SynapseEdge Defense

Schema Learning Lifecycle

How Synapse infers per-endpoint JSON schemas from live traffic — and why training is deferred until after the body-phase WAF verdict. Microsecond validation. No manifests. Poison-resistant baselines.

~5μs

Learn Per Request

~3μs

Validate Per Request

1.5×

Length Tolerance

LRU

Schema Eviction

Request Path — Validate Now, Train Later

STAGE 01

Parse & Template

JSON body parsed.
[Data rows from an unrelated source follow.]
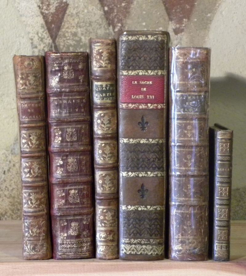 Paris,Vente,1775. Si uniscono nel lotto:Les amours pastorales de Daphnis et de Chloé, par Longus..A Paris,Imprimees pour les curieux,1757 e altre quatro opere figurate in belle rilegature.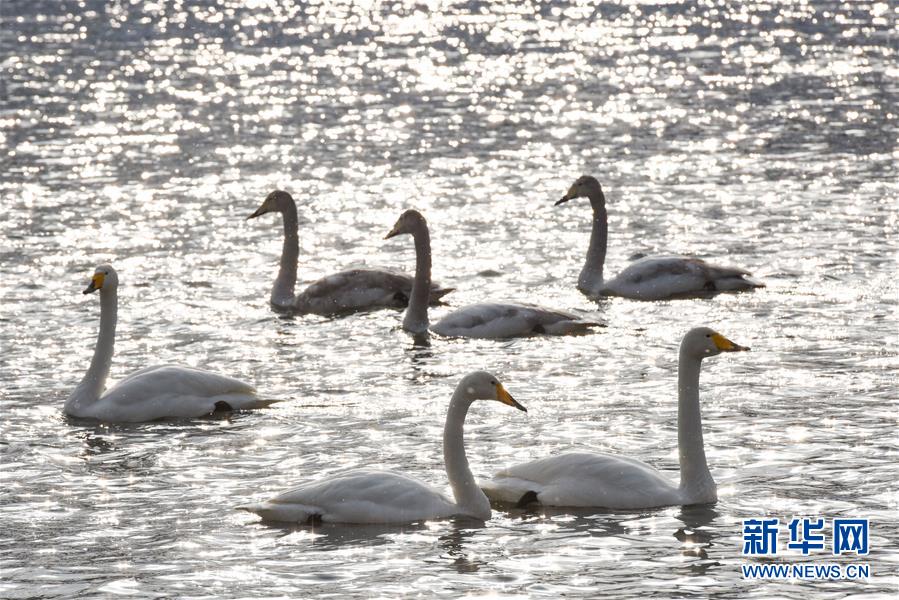 连日来,400余只天鹅在新疆库尔勒市孔雀河上栖息越冬,吸引众多市民和游客前来观赏。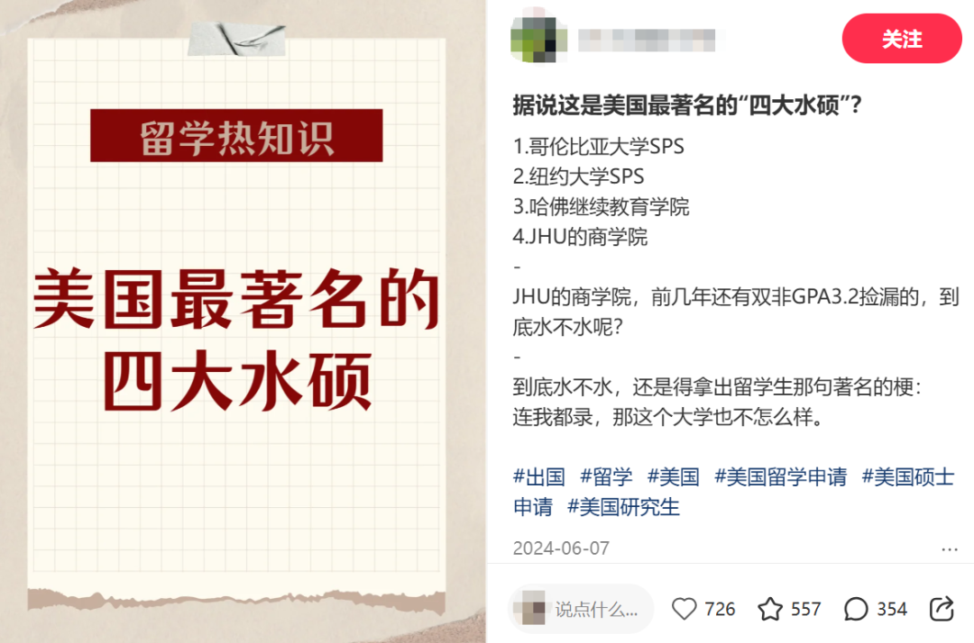 还有这份《留学圈“水硕”名单》,在小红书上被疯传,因为转载次数过多,这份名单的画质已经变得十分模糊。
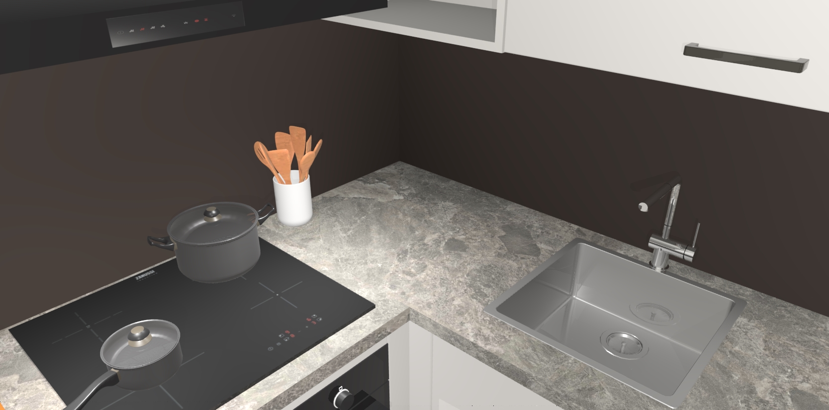 - Uitsparing van kookplaat, spoelbak en kraan dient u zelf te verzorgen.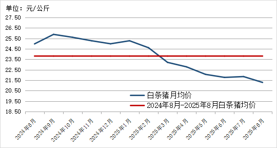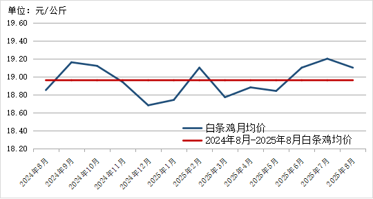 图8. 2024年8月-2025年8月白条鸡价格走势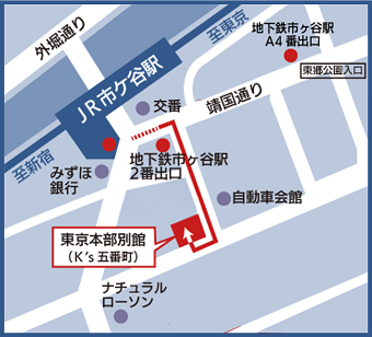![]() ・JR「市ヶ谷駅」より徒歩3分 ・都営新宿線、東京メトロ南北線・有楽町線「市ヶ谷駅」(2番口)より徒歩3分 |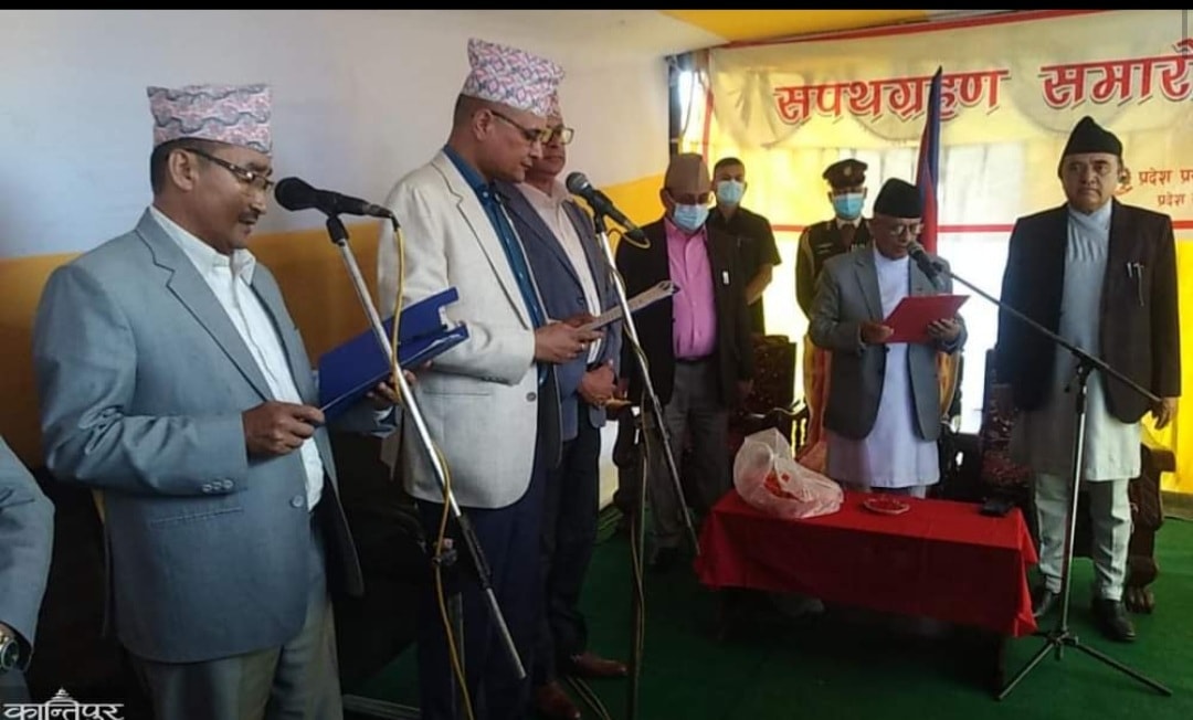 नवनियुक्त मन्त्रीद्वयलाई प्रदेश प्रमुख सोमनाथ अधिकारी प्यासीले आजै पद तथा गोपनियताको शपथ खुवाएका छन् ।
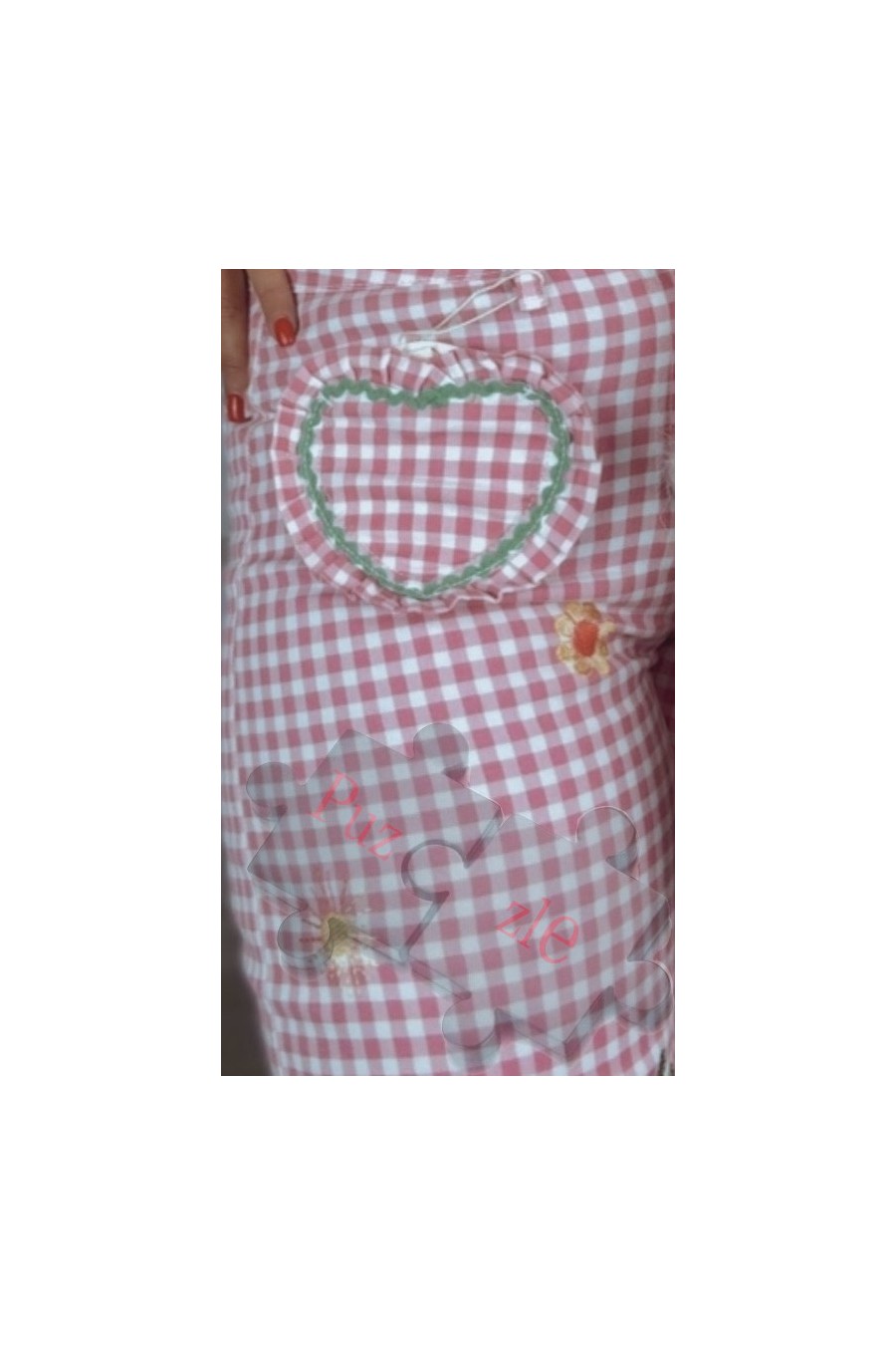 Pantalón tejano de cuadro vichy elástico , disponible en tallas

Path normalized to an endpoint template (e.g. /api/users/:id).

OBSERVE

STAGE 02

Validate Against Schema

Existing schema (if any) checks field types, patterns, lengths, bounds. Emits ValidationResult.

INFER

STAGE 03

Body-Phase WAF

Rules consume the validation result via schema_violation match kind alongside DLP & SQLi checks.

WAF

STAGE 04

Verdict Gate

Allow or block. Training payload stashed in pending_learn remains untouched until this gate passes.

GATE

STAGE 05

Train If Allowed

On allow: consume pending_learn, update field types & bounds. On block: drop it — baseline untouched.

APPLY

→ ALLOW PATH

SCHEMA_LEARNER.learn_from_request(template, body) fires. The sample increments the endpoint's baseline.

→ BLOCK PATH

pending_learn is dropped without consumption. Attack payloads never enter the baseline.

What the Learner Captures

Field Types

PRIMITIVE CLASSIFICATION

string · number · boolean
null · object · array
mixed (ambiguity flag)

Promotes to mixed on divergence

Value Patterns

SEMANTIC INFERENCE

UUID · email · ISO date
URL · IP · hex digest
regex-detected formats

Via profiler::patterns::detect_pattern

Length & Value Bounds

NUMERIC CONSTRAINTS

min / max string length
min / max numeric value
tolerance multiplier applied

Default tolerance: 1.5× learned max

Sample Count

TRAINING MATURITY

Per-endpoint sample counter
min_samples_for_validation
Silent until matured

Prevents false positives while learning

Nested Structure

OBJECT TREES

Recursive field maps
Array element schemas
Depth-limited traversal

max_nesting_depth guards memory

Endpoint Identity

TEMPLATE KEY

Keyed by normalized path
LRU eviction past max_schemas
DashMap thread-safe

Generation queue for O(1) eviction

Example — POST /api/users

OBSERVED REQUEST BODY

{
  "id": "3f1a9c7e-2b4d",
  "email": "[email protected]",
  "age": 34,
  "verified": true,
  "joined": "2026-04-12"
}

INFERRED FIELD SCHEMA

// endpoint: /api/users · samples: 42
id       → uuid    (len 36)
email    → email   (len ≤ 48)
age      → number  (0–120)
verified → boolean
joined   → iso-date

Downstream Consumers of the Schema

WAF · schema_violation

BODY-PHASE RULE KIND

Rules match on total_score via compare_threshold (gte/gt/eq/lte/lt). Evaluated synchronously in the body phase — same pass that produces the verdict.

DLP Scanner

POST-VERDICT HAND-OFF

Learned field patterns inform which fields are candidates for PII / secret scanning. Runs after the WAF verdict on allowed bodies.

Anomaly Detection

STRUCTURAL DRIFT

Unexpected fields, missing required fields, and type promotions to mixed surface as anomalies — feeding risk scores and Horizon telemetry.

Anti-poisoning by design

The body-phase WAF runs before the learner trains. If a request is blocked — SQLi, schema violation, DLP hit — its payload is dropped without entering the baseline. Blocked traffic never reaches the learner, so the schema is built from accepted requests only.